In October, the Nobel Prize in Chemistry was awarded to Kyoto University’s Distinguished Professor Susumu Kitagawa, as well as Richard Robson and Omar M. Yaghi, a trio of pioneers in metal-organic framework research.
Brozek first met Kitagawa in 2010 at the Massachusetts Institute of Technology during a seminar hosted by Brozek’s doctoral adviser. They kept in touch, and Brozek has been collaborating with Kitagawa’s colleagues in Kyoto.
His Fulbright was intended to help deepen that connection, but it also unexpectedly gave him a front-row seat to the announcement of one of this year’s Nobel Prizes, which honors the field Brozek has been working in since graduate school.

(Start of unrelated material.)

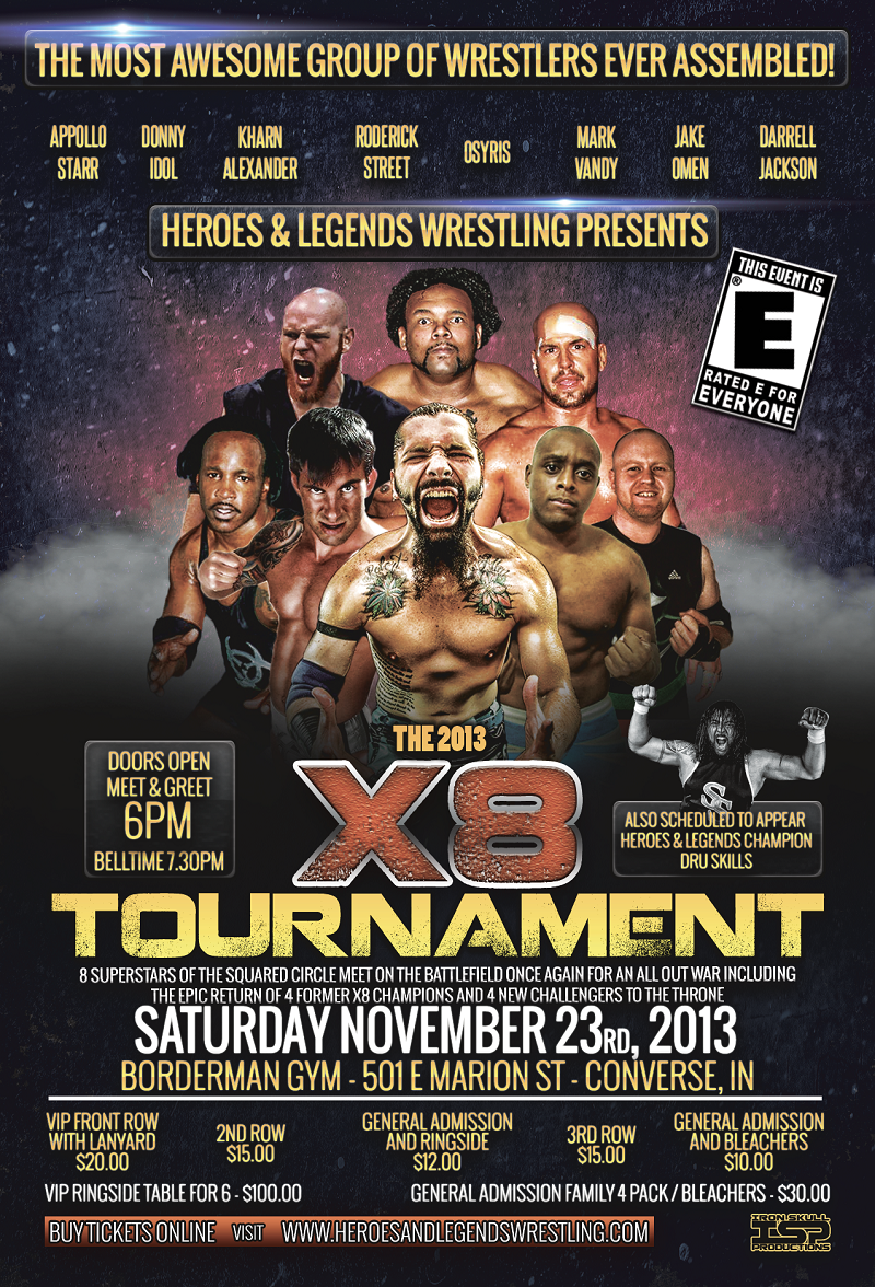Saturday, November 23, 20132013 X8 Tournament Borderman Gym * Troy Miller w/ Miss E-Liz beat Joseph Schwartz First Round: * Jake Omen beat Donny Idol * Osyris beat Roderick Street * Mark Vandy beat "Poison" Appollo Starr * Kharn Alexander w/ Kenzi beat Darrell Jackson 2nd Round: * Jake Omen beat Kharn Alexander * Mark Vandy beat Osyris * HLW Championship: Dru Skillz (c) beat Christopher Steele by submission Finals * Mark Vandy beat Jake Omen to become the 2013 X8 Champion

“It was exciting to be in Kyoto for the big news,” Brozek said. “Since 1999, these three scientists have been developing a new form of molecular architecture. We’ve just begun to put MOFs to work, and they hold great promise for industry, the environment and medicine.”
MOFs are materials made from metal ions linked together with organic molecules in repeating crystal structures. Like microscopic Tinker Toys, the structures are endlessly customizable. So far, scientists have created more than 100,000 different kinds.
And they have almost as many potential applications as they do structures.
Because they act as porous sponges that can be specifically “tuned” to draw in specific molecules, MOFs could be used to extract water from desert air, separate lead from water or remove carbon dioxide from the atmosphere.
Someday, they might be used in industrial plants to separate one chemical from another, saving tremendous energy and money. Currently, chemical separation using heat accounts for approximately half the world’s industrial energy consumption.
MOFs also could revolutionize lithium-ion batteries that power phones and cars, Brozek said.
“I love studying MOFs,” Brozek said. “They’re extremely complex but also controllable. We continue tweaking them because we can.”